Русская трагедия - (и в историческом, и в социально-философском плане), накопившая опыт "отцеубийства", оказывается перед лицом новой катастрофы - трагедии "безотцовщины". "Безотцовщина" - условное обозначение смысла первой пьесы молодого Антона Чехова. По сути, все герои чеховских пьес - герои безотцовщины, сироты - чеховские сестры и Константин Треплев, и Соня, и Аня, и Петя Трофимов. И вся Россия, по Чехову, такой осиротевший дом, где пошатнулись устои и потеряна вера. Обстоятельства сиротства - распад дома, нарушение устойчивой основы бытия, основы не только личного дома, но и культуры, пространство которой становится пространством трагедии. Герои "безотцовщины" бросают старый, изветшавший дом. Их вдет странничество и скитальчество, бескрайние "версты" русских заброшенных провинциальных дорог. В конечном итоге - утрата пути, бездорожье.

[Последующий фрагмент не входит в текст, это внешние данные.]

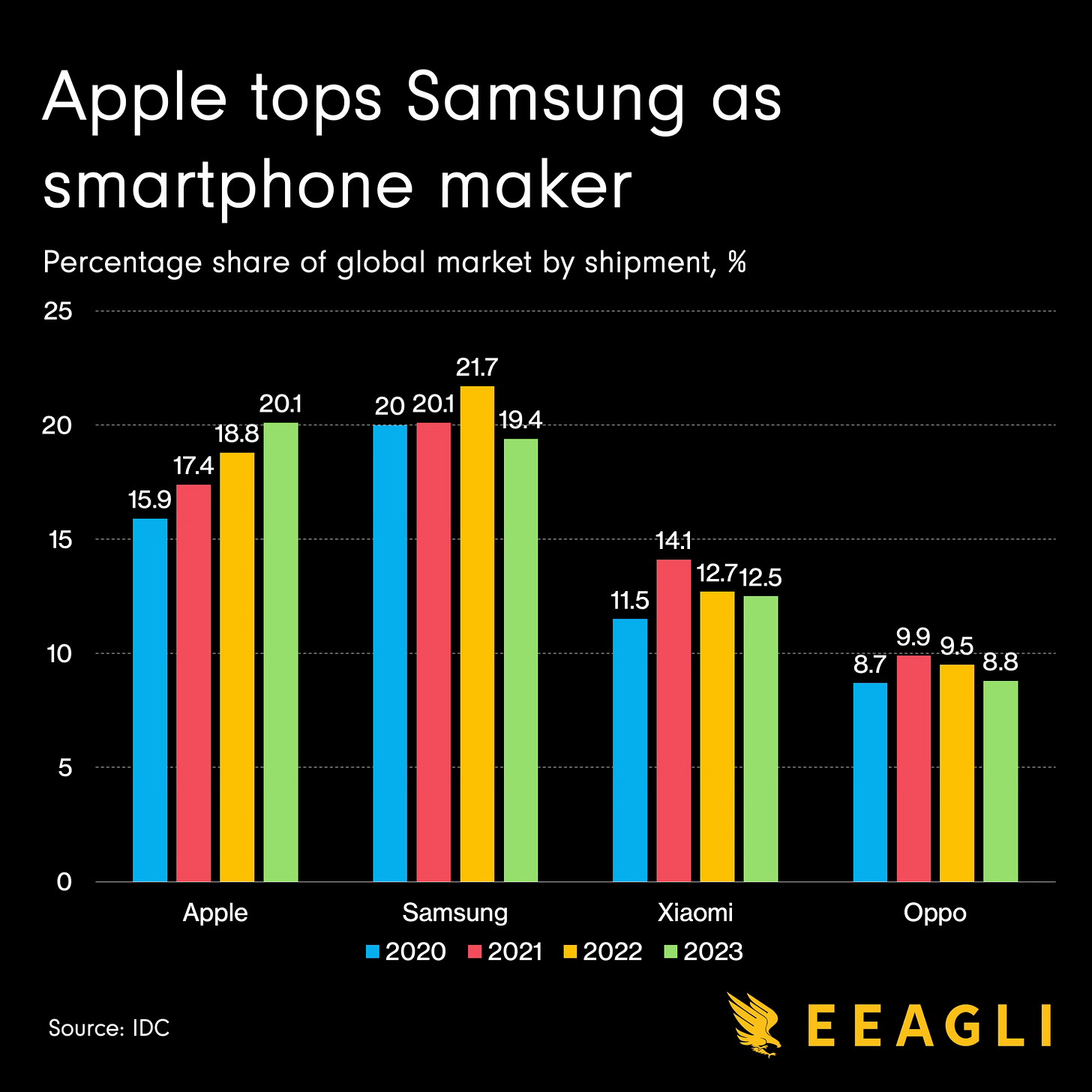 Apple now tops Samsung as the world biggest smartphone manufacturer

"Из летаргического сна - в разрыв трагической культуры"(А. Белый) - такова формула трагического пространства культуры, как пространства маргинального, находящегося между "сном" и "криком", между "страхом" и мечтой о чуде "преображения", между усталостью, великим утомлением и жертвенным подвижничеством во имя нового светлого Града. По Блоку, в бегстве из дому утрачено чувство собственного очага, отдельной души. В бегстве из города происходит распыление, энтропия гордой души, взор расточается в пространстве.

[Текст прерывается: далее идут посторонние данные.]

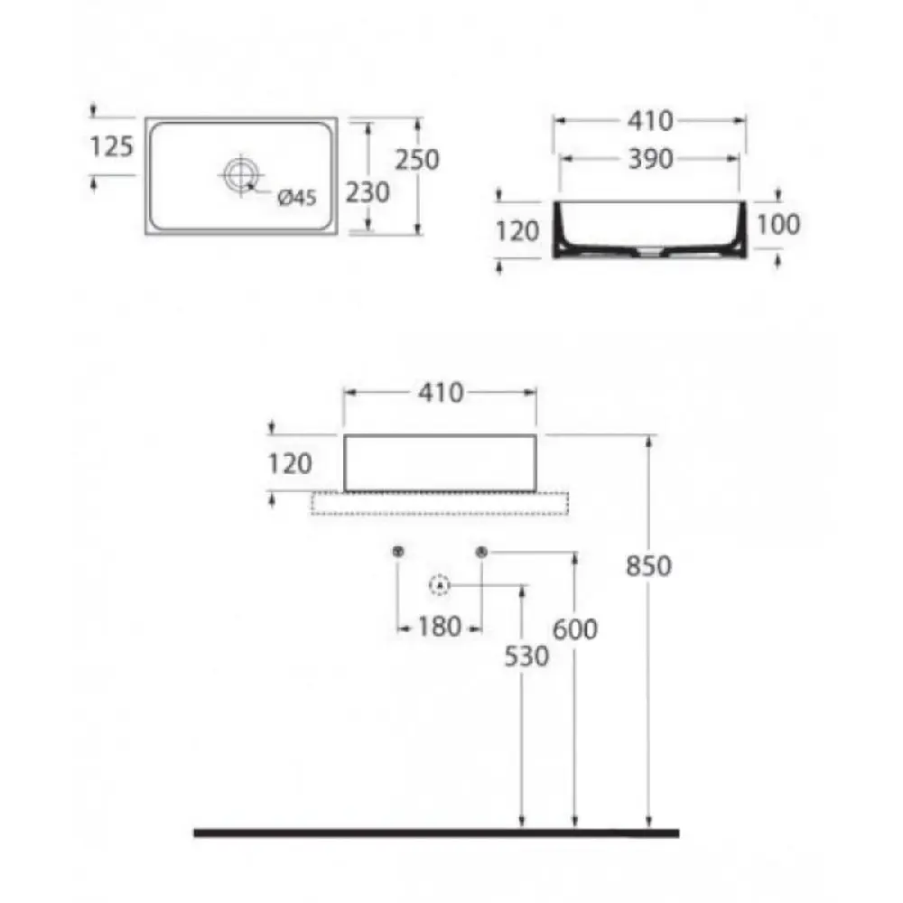 Прямокутна раковина-чаша Azzurra Lavabi arredo GEO41B1 дуже витончено виглядає у ванній кімнаті в стилі арт-дизайн, класика або модерн. Вона має габарити 120х410х250 мм, тому не забере багато місця. Встановлюється на стільницю або на тумбу. Отвір для змішувача не передбачено, але його можна встановити на стіну або стільницю, віддавши перевагу високому виливу. Білосніжна раковина виконана з кераміки з глянцевою поверхнею. Її зручно мити завдяки відсутності кутів.

Блок, Волошин, Замятин открывают принципиально новое в творчестве Федора Сологуба:"С Сологуба начинается новая глава русской прозы". Творчество Сологуба было понято профессиональной критикой как обыкновенное бытописательство, Сологуб был истолкован как бытописатель русской провинции. Блок угадал иное- "высшую, обнаженную реальность" пространства этой прозы, "нелепость скомканных плоскостей и сломанных линий", "хаос, исказивший гармонию". Лицо "мелкого беса" - "слишком человеческое" лицо русского анти-Гамлета (Передонова), рефлексия которого отливается в отчетливо видимые формы. Страх и бездействие пустоты накапливают энергию безмотивного, на первый взгляд, преступления. Сологубовский "демон" из русской провинции скрывает, несет в себе идею "мирового пожара и крови".

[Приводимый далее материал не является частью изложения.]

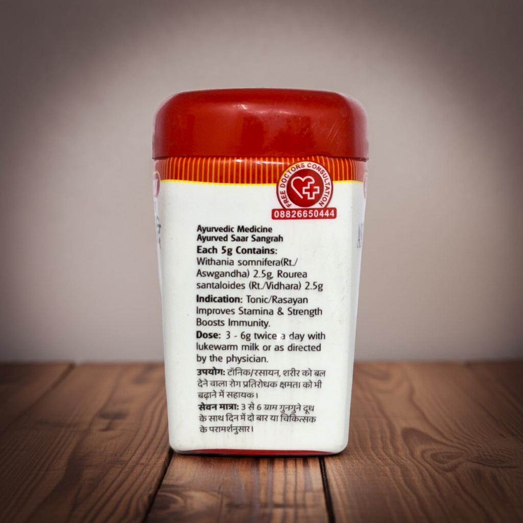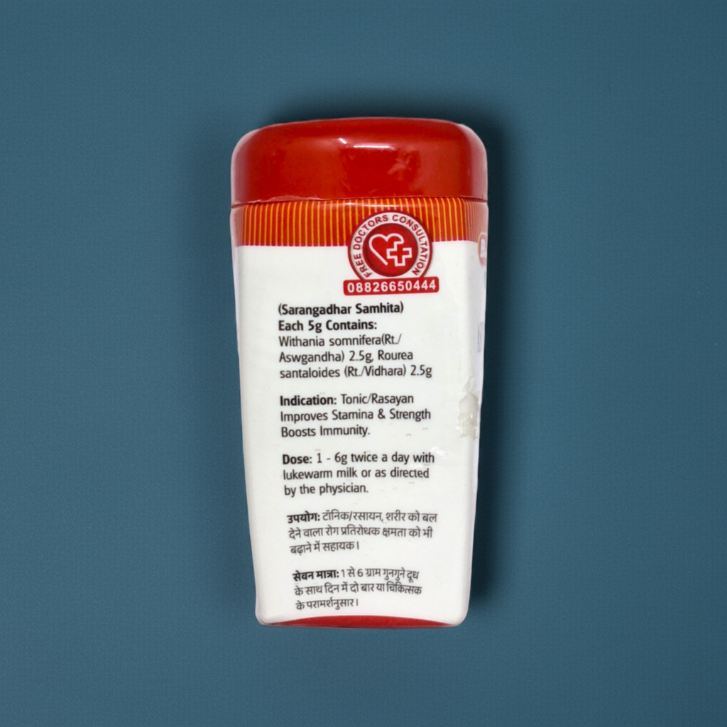 Baidyanath Jhansi Aswagandhadi Churna is a traditional Ayurvedic formulation designed to support vitality, strength, and overall well-being. Enriched with the goodness of Ashwagandha (also known as Indian Ginseng or Winter Cherry) and Vidhara, this herbal blend is known for its adaptogenic and revitalizing properties.

Ирония - трансформация - преображение - такова формула трагического пространства культуры по Сологубу. Пространство провинции - промежуточное пространство, как бы выпавшее из времени. Время провинции - либо остановившееся, либо ускоренное. Провинция монотонна и однообразна только на первый взгляд. Это пространство постоянно трансформируется, двоится, ломается. Провинция рождает либо неистовых, упорных консерваторов, - либо "чудаков", нарушителей обыденного. Пути скрещиваются, и русская провинция становится провинцией анекдота, иногда скверного, иногда просветленного. Анекдота, делающегося трагедией, или трагедией, делающейся анекдотом. Только русская провинция может дать странного героя - Ноздрева, смешанного с Байроном (Достоевский).
"Глиняный дом в уездном саду" - таково пространство русской провинции по Платонову, вобравшему в себя и в свое творчество близкие ему мысли о трагизме русской провинции Чехова, Сологуба, Блока. Это пространство ненадежно как глиняный дом, трагично как запущенный сад человеческой души. Это пространство пустоты, котлована, разверстой пропасти в каждом из героев времени "безотцовщины". Пространство культуры пытается сохранить в себе первоначальную "родительскую теплоту", подняться над звуками неумолчного оркестра смерти. Непобедимым остается внутренний голос автора - одинокий голос человека, поправшего смерть.
"Русская провинция и мировая культура"// Тезисы докладов на научной конференции. Ярославль, 1993. С. 96-98.